What is driving East Asian economies’ convergence toward the US model? One answer may be financialization, long a key feature of American capitalism, whereby the financial sector accounts for a rising share of GDP and dividend payments exceed reinvested corporate profits.
Since South Korea implemented financialization as a condition of its International Monetary Fund bailout during the 1997 Asian financial crisis, the country’s economic model has gravitated toward US-style shareholder capitalism. One of South Korea’s first reforms was a radical opening up of financial markets that lifted the prohibition of share buybacks and encouraged more dividend payments – contrary to the established practice in East Asia of retaining profits for reinvestment.
As a result, the share of investment in South Korean GDP has since declined by five percentage points, reducing domestic growth and job creation. Meanwhile, foreign investors’ share of South Korean stock holdings jumped from less than 5% in the mid-1990s to about 40% in the early 2000s.
While many long regarded low dividend payments as one reason for “Korea discounts” in company valuations, leading firms such as Samsung are now adopting US practices by paying out about 40% of their net profits to shareholders. And in 2017, Samsung started to pay dividends every quarter rather than annually – a big change, given that annual dividends were once seen as a virtue of East Asian capitalism over Anglo-Saxon short-termism.

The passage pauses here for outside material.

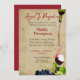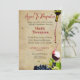60ª Idade para Perfeição do Vinho Convite à Celebração de Aniversário com Vidro e Vinho a Vir de uma garrafa. A design apresenta um fundo texturizado castanho com uvas e folhas. Perfeito para um homem ou mulher, mude a idade conforme necessário. Personalize com suas informações pessoais.

But East Asian capitalism now needs rebalancing. Here, policymakers can learn from Europe, which has initiated several reforms to curb the negative influence of shareholder capitalism. In 2015, for example, the European Parliament enacted corporate-governance reforms permitting firms within the European Union to grant more voting rights or pay higher dividends to shareholders who hold their stock longer than two years.
Likewise, the US allows newly listed firms to issue dual-class shares that give their founders special voting power. This has enabled many high-tech companies, including Google and Facebook, to take a long-term management perspective and pursue innovative new projects aggressively.
Such benefits partly explain why the South Korean e-commerce platform Coupang decided earlier this year to list on the New York Stock Exchange rather than the domestic KOSDAQ market. As a result, South Korea’s National Assembly is finally about to pass a long-delayed law allowing start-ups or small and medium-size firms – but not large companies or chaebols – to issue dual-class shares.
East Asian countries should see the COVID-19 crisis as an opportunity to reshape their economies by curbing financialization and restoring their manufacturing strength, which previously brought high growth and greater equity. But rather than simply returning to the past, the region’s economies should embrace a hybrid model that includes elements of the shareholder and stakeholder models. Such reform also is consistent with the global adoption of ESG (environmental, social, and governance) principles, which South Korea’s corporate sector strongly supports.
While East Asia’s convergence toward Anglo-Saxon capitalism may appear shocking, the data does not lie. But by adopting the right measures, policymakers can help to ensure that the region’s economic future is brighter than its recent on-screen portrayals suggest.